**YOUR TASK:**
Among the entries below, only the lines from the one with "Rustic Wood String" through the one with "As shown in" are to be retyped, exactly and without pictures.

**THE DATA:**
_ _ _
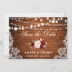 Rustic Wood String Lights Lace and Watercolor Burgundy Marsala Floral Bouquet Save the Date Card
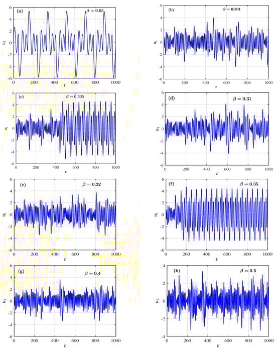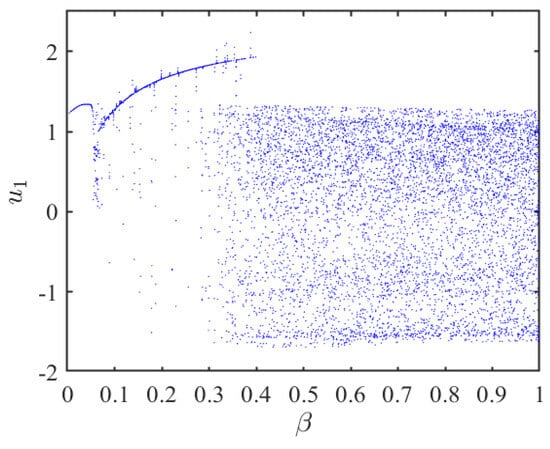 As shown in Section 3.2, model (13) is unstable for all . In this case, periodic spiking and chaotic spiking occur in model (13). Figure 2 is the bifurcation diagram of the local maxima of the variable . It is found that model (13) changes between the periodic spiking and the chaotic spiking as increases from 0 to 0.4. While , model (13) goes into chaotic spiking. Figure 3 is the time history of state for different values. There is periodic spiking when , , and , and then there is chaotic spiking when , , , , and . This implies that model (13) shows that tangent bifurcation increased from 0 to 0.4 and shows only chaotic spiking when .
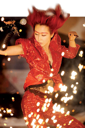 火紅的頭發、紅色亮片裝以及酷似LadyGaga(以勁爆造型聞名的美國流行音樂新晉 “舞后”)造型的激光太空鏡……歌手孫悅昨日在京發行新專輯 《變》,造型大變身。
_ _ _
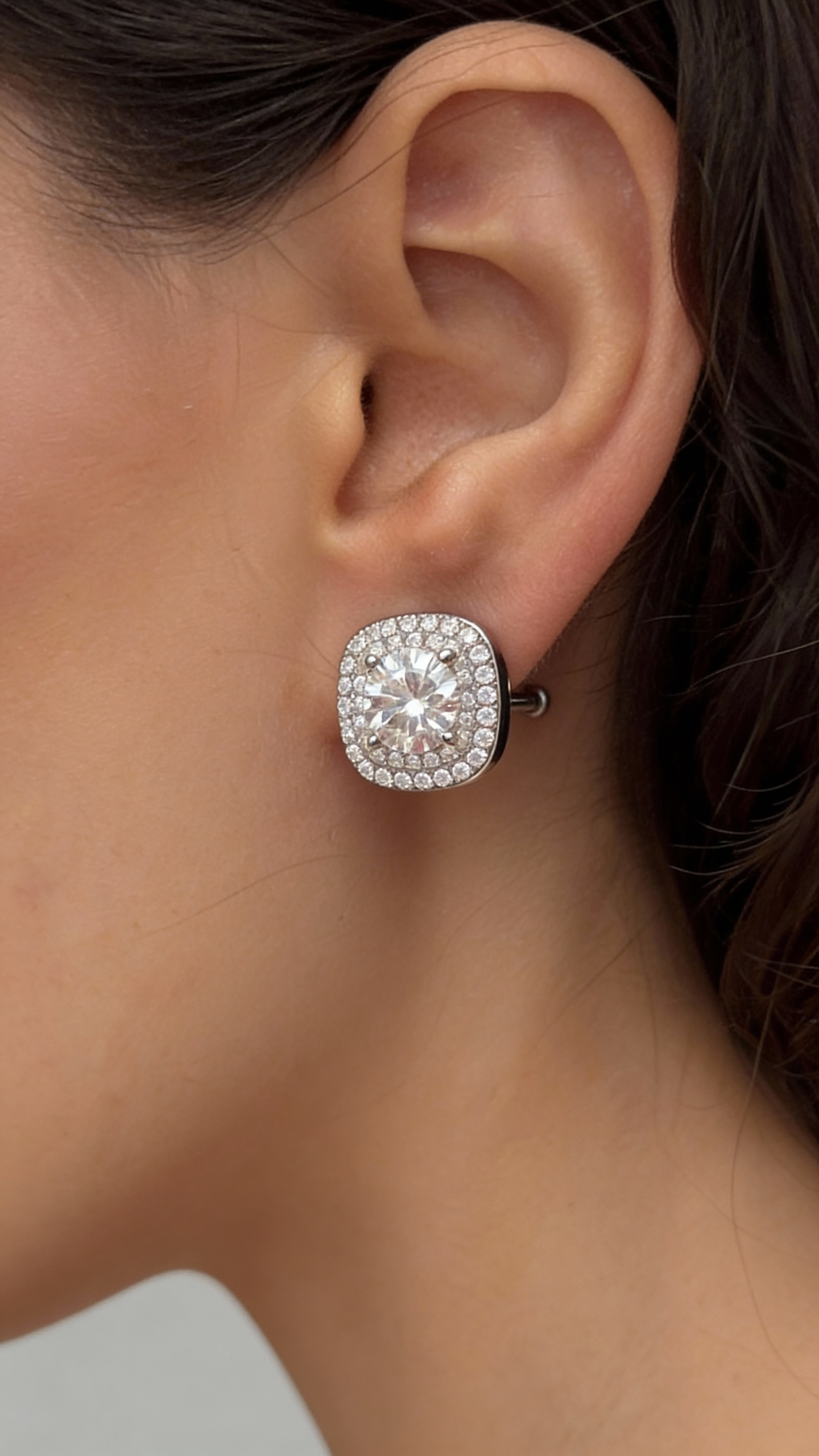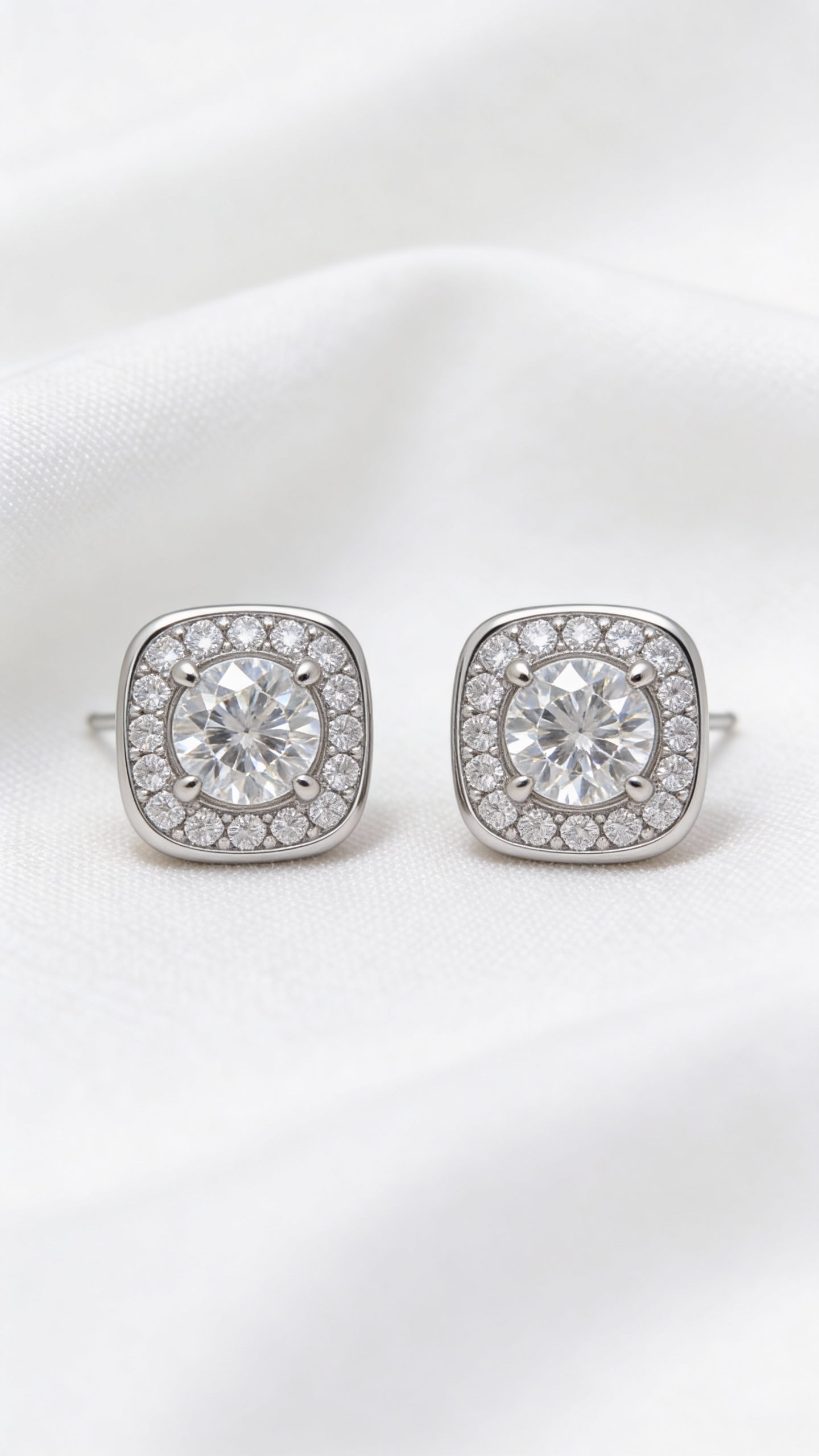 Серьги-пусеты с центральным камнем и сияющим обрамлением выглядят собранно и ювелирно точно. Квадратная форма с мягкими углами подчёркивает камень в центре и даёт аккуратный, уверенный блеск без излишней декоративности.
_ _ _
**YOUR RESPONSE:**
 Rustic Wood String Lights Lace and Watercolor Burgundy Marsala Floral Bouquet Save the Date Card
 As shown in Section 3.2, model (13) is unstable for all . In this case, periodic spiking and chaotic spiking occur in model (13). Figure 2 is the bifurcation diagram of the local maxima of the variable . It is found that model (13) changes between the periodic spiking and the chaotic spiking as increases from 0 to 0.4. While , model (13) goes into chaotic spiking. Figure 3 is the time history of state for different values. There is periodic spiking when , , and , and then there is chaotic spiking when , , , , and . This implies that model (13) shows that tangent bifurcation increased from 0 to 0.4 and shows only chaotic spiking when .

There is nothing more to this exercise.